Breast Cancer in Young Women

Breast cancer is one of the most frequent malignant tumors in women. To date, there are many options for therapeutic treatment. Two-thirds of the patients are completely cured.

Breast cancer is one of the most common malignant neoplasms, which is the most common cause of death among the female population. However, unlike many other types of tumors, such as lung or pancreatic cancer, which relatively quickly lead to the death of the majority of patients, in breast cancer, cure is possible in two thirds of patients. In the article "Breast Cancer in Young Women" you will find very useful information for yourself.

Risk group

Contrary to popular belief, breast cancer develops mainly in older women, most often after menopause. The probability of occurrence of the disease to 35 years is approximately 1: 2500. By the age of 50 years, this risk rises to 1:50, and by 80 years reaches a frequency of 1:10. Although in most cases it is impossible to determine the exact cause of breast cancer, a number of risk factors for the development of the disease are reliably known:

• age;

• anamnesis of the disease in the family or the patient;

• previous benign breast tumors;

• Excessive effects of the female sex hormone estrogen (early menstruation and later onset of menopause), as well as use of hormone replacement therapy (HRT);

• features of nutrition and alcohol consumption.
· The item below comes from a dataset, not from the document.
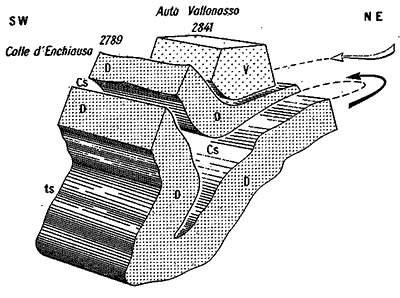 Les marbres en plaquettes qui occupent le coeur du synclinal d'Enchiausa supportent une lame de Dogger renversé, qui supporte à son tour, par l'intermédiaire de copeaux divers, une minuscule klippe de Verrucano : il faut sans doute rattacher cette dernière à l'unité de Marinet (on pourrait parler de dispositif en "klippe gigogne"!).

A woman, in whose family several members, especially first-line relatives (mothers, sisters and daughters), suffer from cancer, is at extremely high risk of developing the disease. This is due to the inheritance of the breast cancer gene. Scientists identified two genes responsible for cancer, BRCA1 and BRCA2. The risk of developing a malignant breast tumor in carriers of these genes is 87%. For this reason, it is extremely important to identify such families and conduct genetic counseling. The gene for breast cancer from a sick woman is transmitted to the offspring with a probability of 50%. Family members who inherited this gene are at high risk of developing a tumor.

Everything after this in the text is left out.